:: Material provided

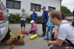 - Bei Station 5 musste ein eingeklemmter Stofftiger befreit werden. Dazu kamen die Hebekissen zum Einsatz, mit deren Hilfe wurde das Fahrzeug angehoben und der Tiger befreit.
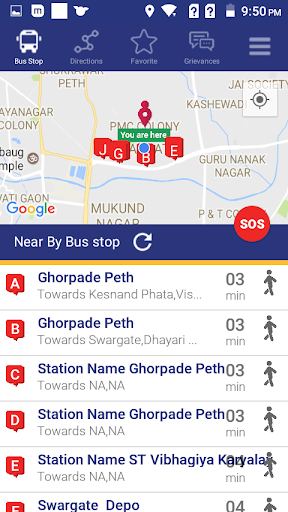 >User can see their nearby bus stops along with walking time.
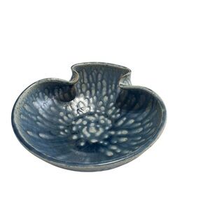 Beautiful blue pottery pour bowl/ice cream bowl purchased at an estate sale. Excellent condition with no chips or cracks. Lovely patterns of blues, grays and browns. See photos as they are part of the description.
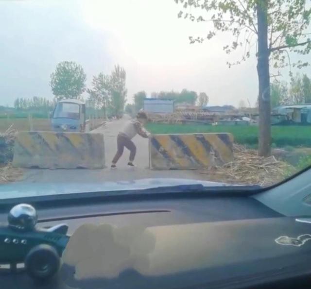 蚂蚁撼树?山东一男子开车遇限宽无法通行,妻子竟欲挪动千斤路障
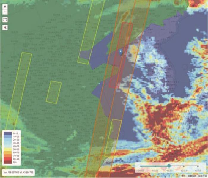 图4 是2021年5月1日某时刻的云量预报云图,在云图上叠加区域矢量后能够清晰看出,数据获取重点为区域底图与云图中云量预报数值较小位置相交的区域,综合云量数值色卡即最优获取区域为图中蓝色和绿色叠加的区域。
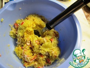 Картофельное пюре смешать с яйцом, сыром, крабовыми палочками, специями, солью.

::::

- Task directions: Starting at the line that contains "图4 是2021年5月1日某", reproduce each line exactly through the end of the entries above, leaving every picture out.

- Exercise response:
 图4 是2021年5月1日某时刻的云量预报云图,在云图上叠加区域矢量后能够清晰看出,数据获取重点为区域底图与云图中云量预报数值较小位置相交的区域,综合云量数值色卡即最优获取区域为图中蓝色和绿色叠加的区域。
 Картофельное пюре смешать с яйцом, сыром, крабовыми палочками, специями, солью.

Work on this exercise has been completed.